Task requirements
Please reproduce the listing verbatim, without its images.

### Information shown ###

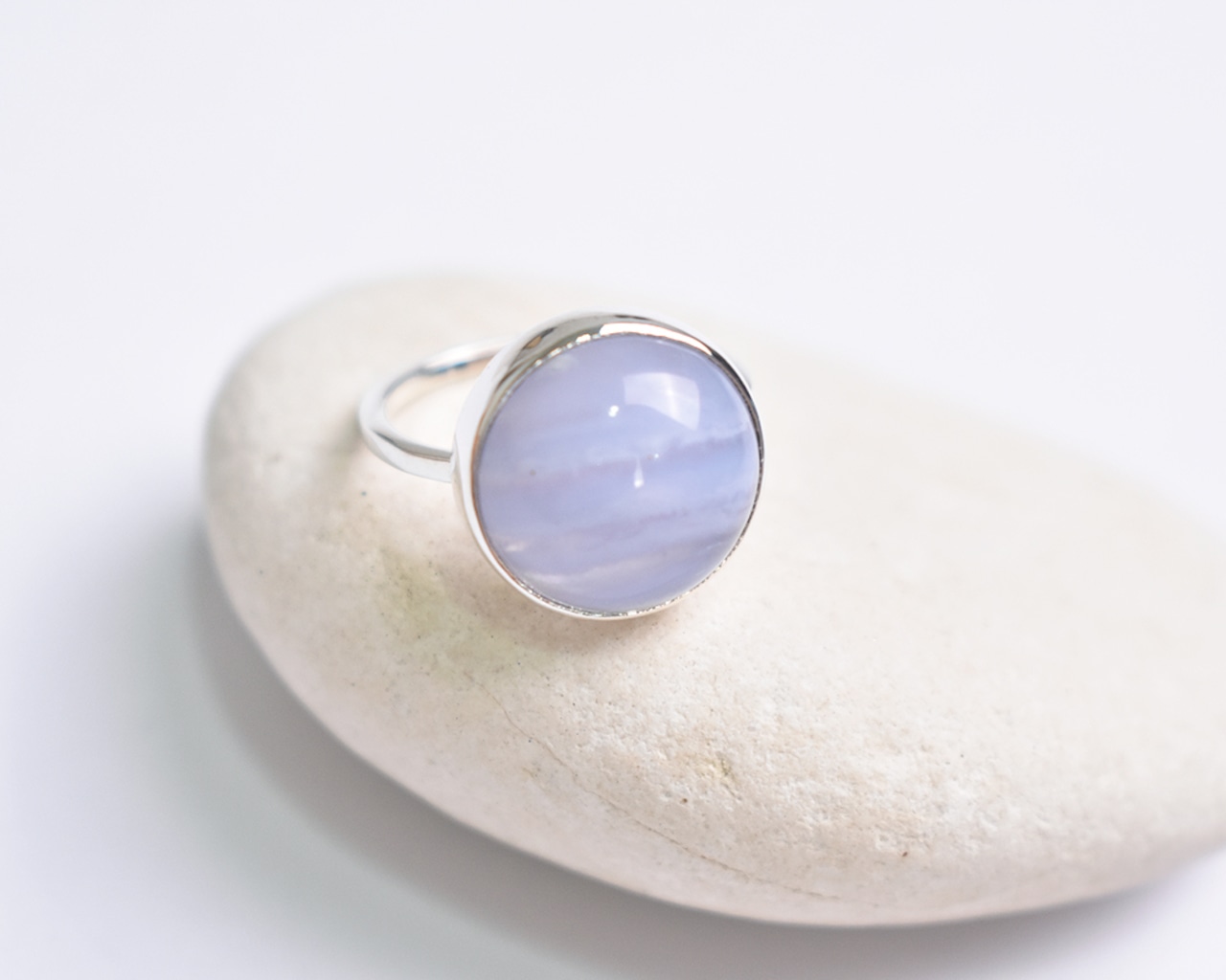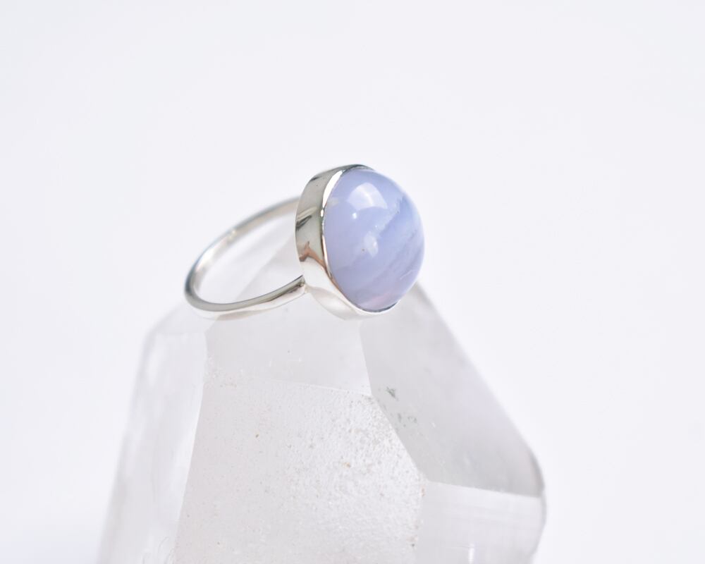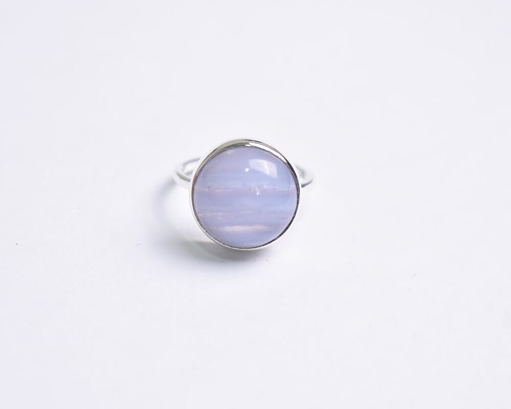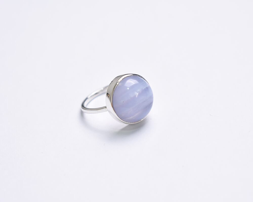 カボションカットのつるんとした丸い形が可愛らしいブルーレースアゲート。
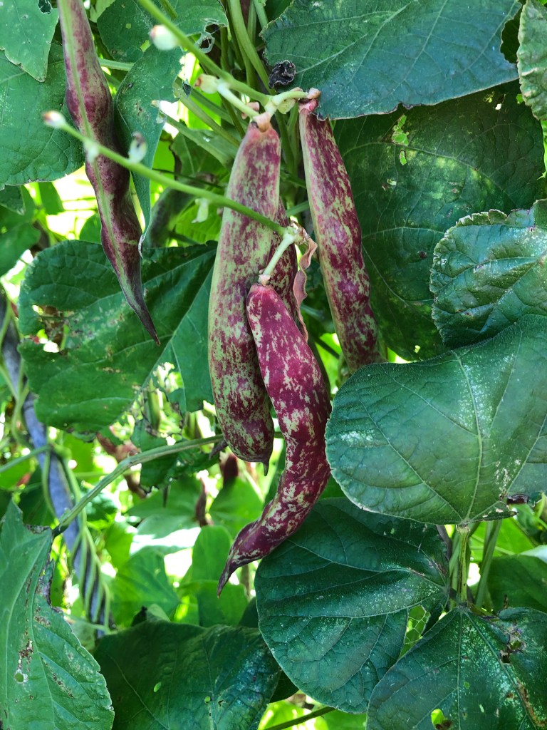 The Borlotti beans are fattening inside the pods. When the pods begin to wither we will strip out the beans and dry them in the airing cupboard
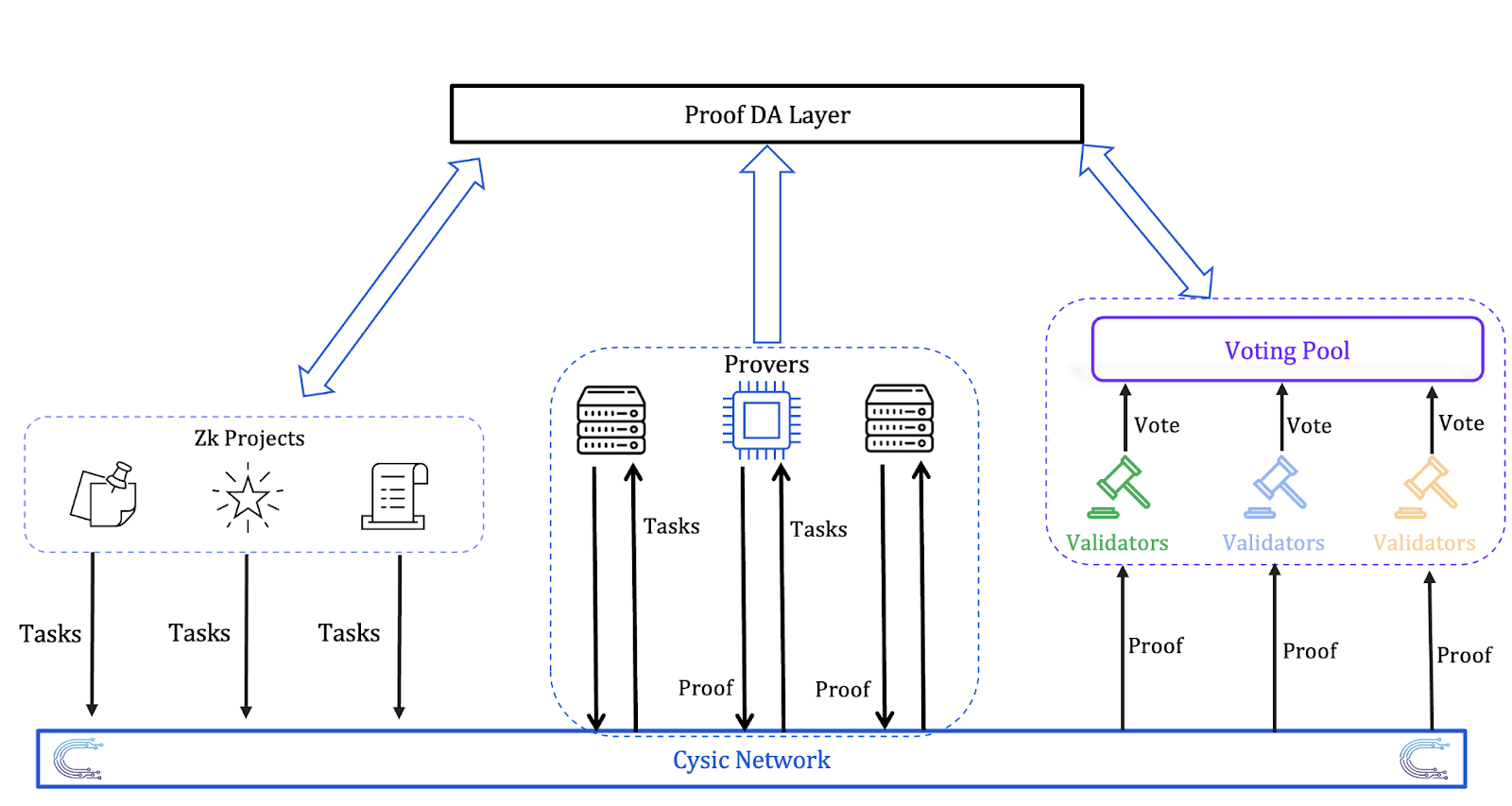 Flujo de trabajo: los proyectos ZK publican tareas de prueba a través de contratos inteligentes → Proveedores descentralizados compiten para generar pruebas → Verificadores realizan validación multiparte → los resultados se liquidan a través de contratos en cadena.

###

Result for this task
 カボションカットのつるんとした丸い形が可愛らしいブルーレースアゲート。
 The Borlotti beans are fattening inside the pods. When the pods begin to wither we will strip out the beans and dry them in the airing cupboard
 Flujo de trabajo: los proyectos ZK publican tareas de prueba a través de contratos inteligentes → Proveedores descentralizados compiten para generar pruebas → Verificadores realizan validación multiparte → los resultados se liquidan a través de contratos en cadena.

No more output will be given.